Content starts

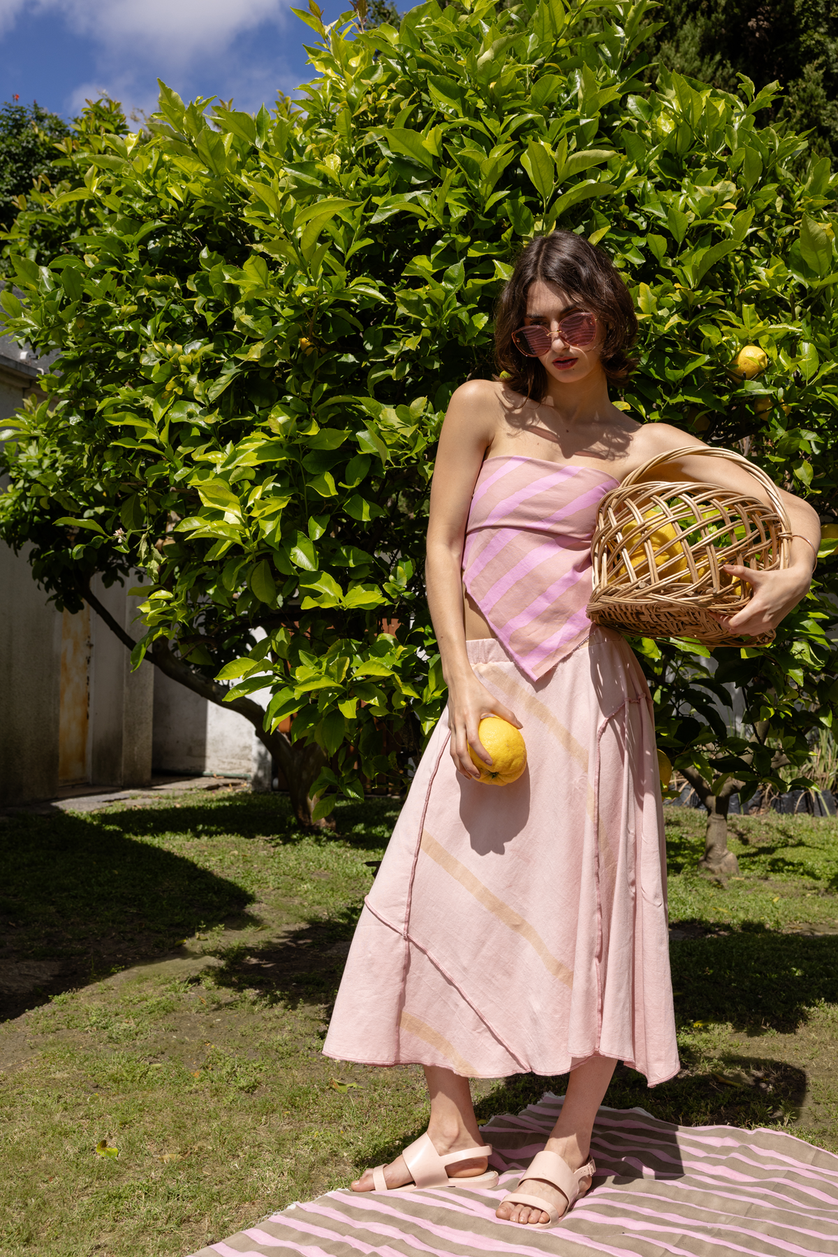 Falda midi evasé confeccionada en algodón con rayas diagonales teñidas a mano en tonos rosados y arena.
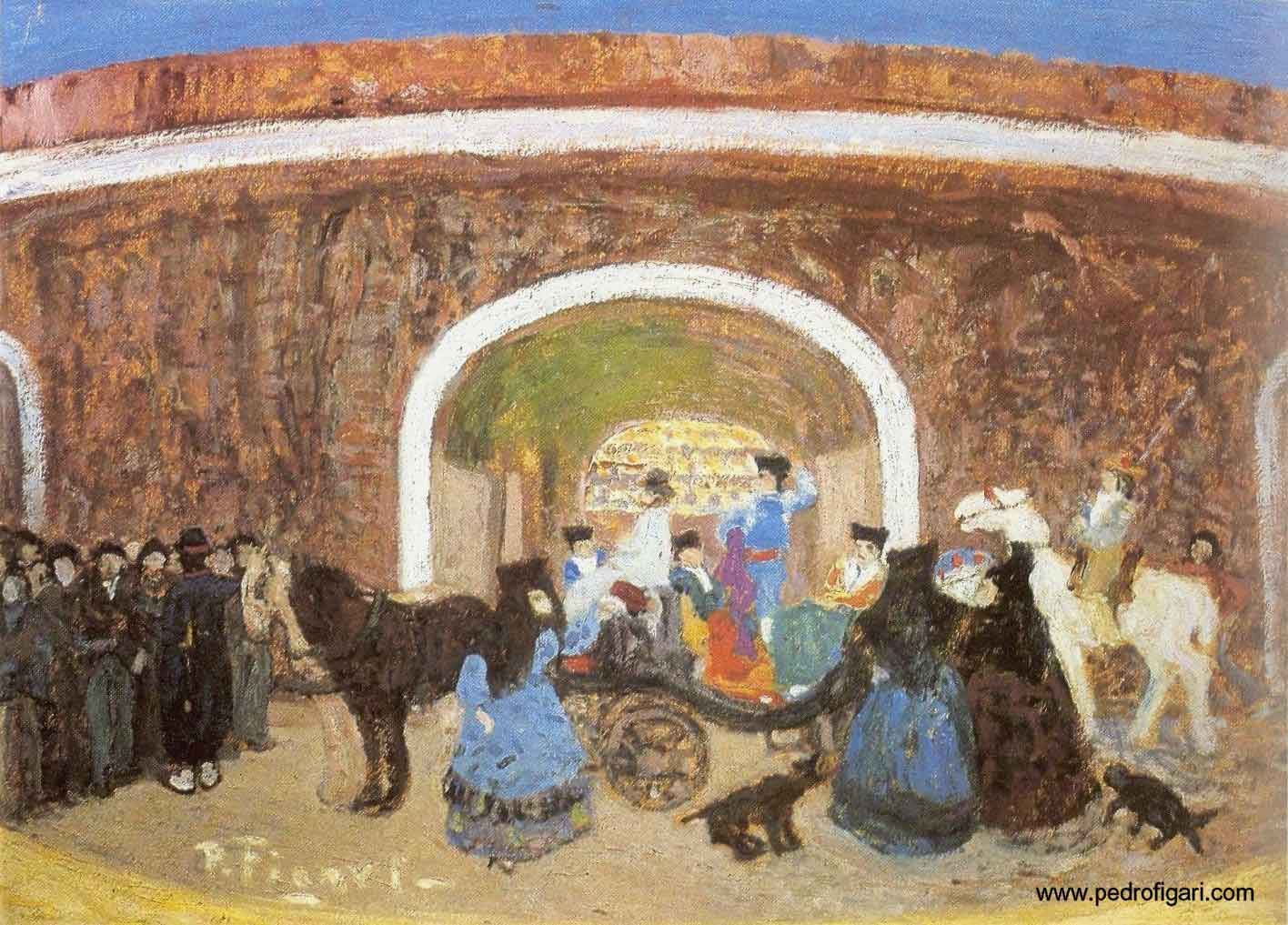 Ox-02 - La llegada a los toros (óleo s/cartón) - Arrival at the bullfights (oil on cardboard) - 50x69cm
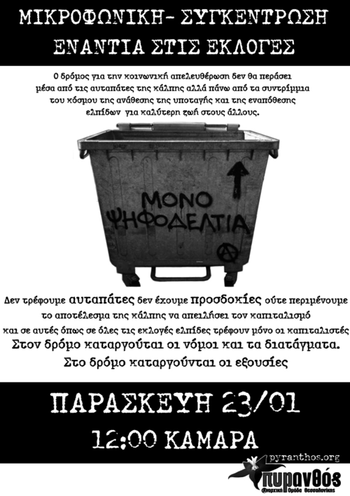 Δεν ψηφίζουμε, δεν νομιμοποιούμε καμία εξουσία να διευθύνει τους καταπιεσμένους, ούτε στον εαυτό μας άλλωστε αναγνωρίζουμε αυτό το δικαίωμα, όμως πράττουμε πιο έντονα από ποτέ, διαμορφώνουμε το ρεύμα του μέλλοντος, τον Κοινωνικό Αναρχισμό, μαζί με τους εκμεταλλευόμενους, τους καταπιεσμένους, ντόπιους και μετανάστες, αυτός είναι ο μόνος τρόπος να είμαστε χρήσιμοι στην υπόθεση της Κοινωνικής Επανάστασης, να είμαστε χρήσιμοι στην υπόθεση της Κοινωνική Απελευθέρωσης.
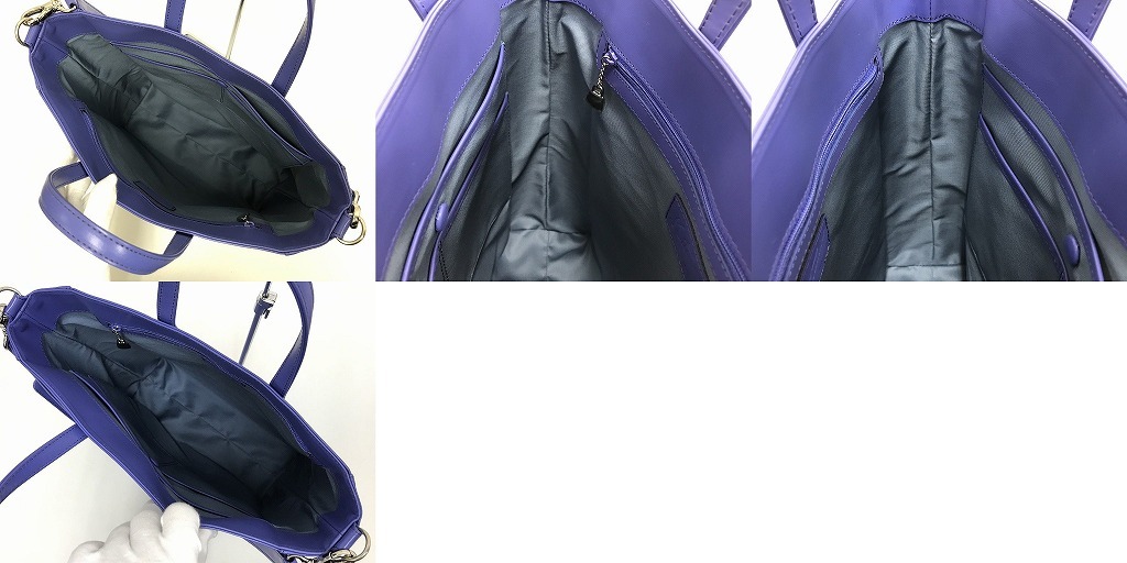 備考ハンドル高さ約11.0cm ショルダー紐高さ(最長)約36.5cm・5段階調節・約3.0cm間隔・紐幅約1.8cm  ショルダー紐長さ調節可・取り外し可  肩掛け可・斜め掛け不可        仕様/ 開閉:オープン   内側:ポケット2 ボタン開閉ポケット1 ファスナーポケット1   外側:ポケットなし   カラー:ラベンダー系 パープル系
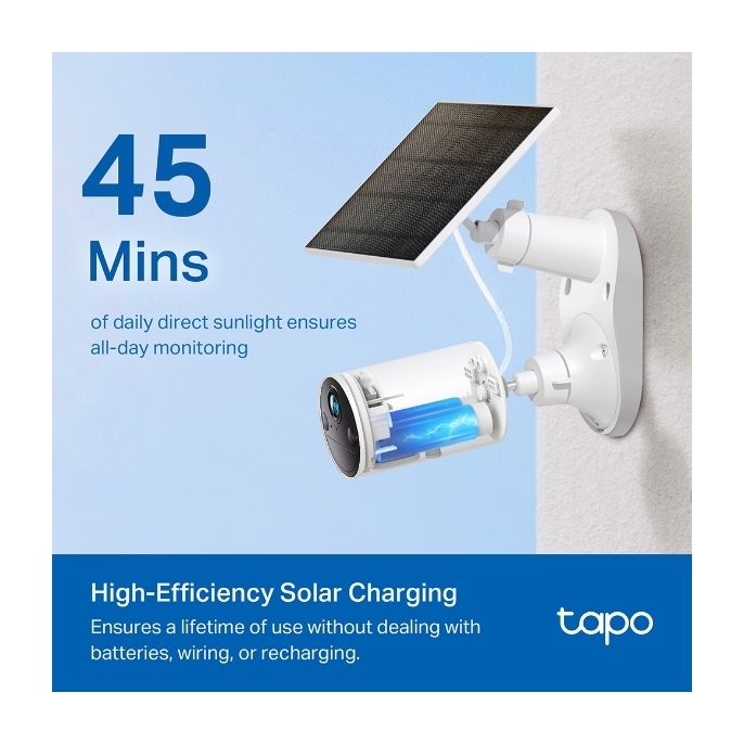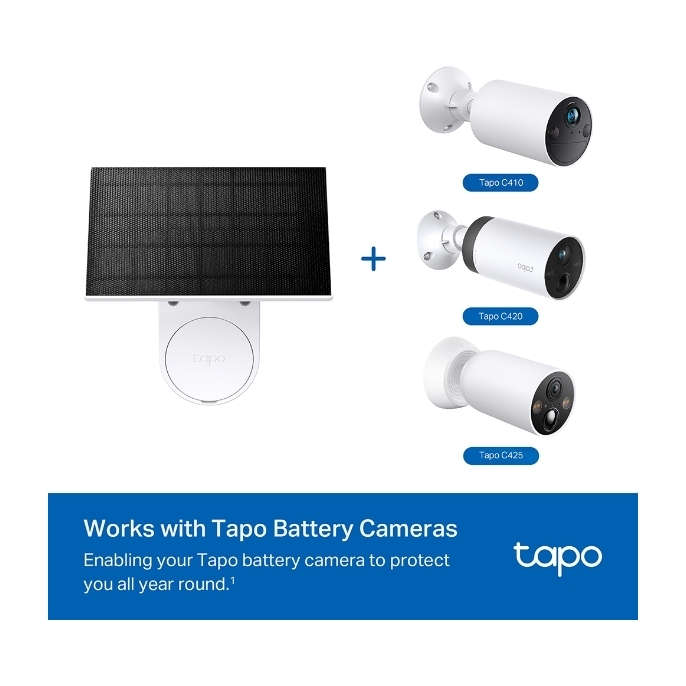 - Works with Tapo Battery Cameras:Compatible with all Tapo Battery Cameras1, enabling your Tapo battery camera to protect you all year round.

Content ends

Output exactly, and with no pictures, the lines from the line that holds "内側:ポケット2 ボタン開閉ポケット1 ファスナーポケット1" through the last line of the listing above.

 備考ハンドル高さ約11.0cm ショルダー紐高さ(最長)約36.5cm・5段階調節・約3.0cm間隔・紐幅約1.8cm  ショルダー紐長さ調節可・取り外し可  肩掛け可・斜め掛け不可        仕様/ 開閉:オープン   内側:ポケット2 ボタン開閉ポケット1 ファスナーポケット1   外側:ポケットなし   カラー:ラベンダー系 パープル系
 - Works with Tapo Battery Cameras:Compatible with all Tapo Battery Cameras1, enabling your Tapo battery camera to protect you all year round.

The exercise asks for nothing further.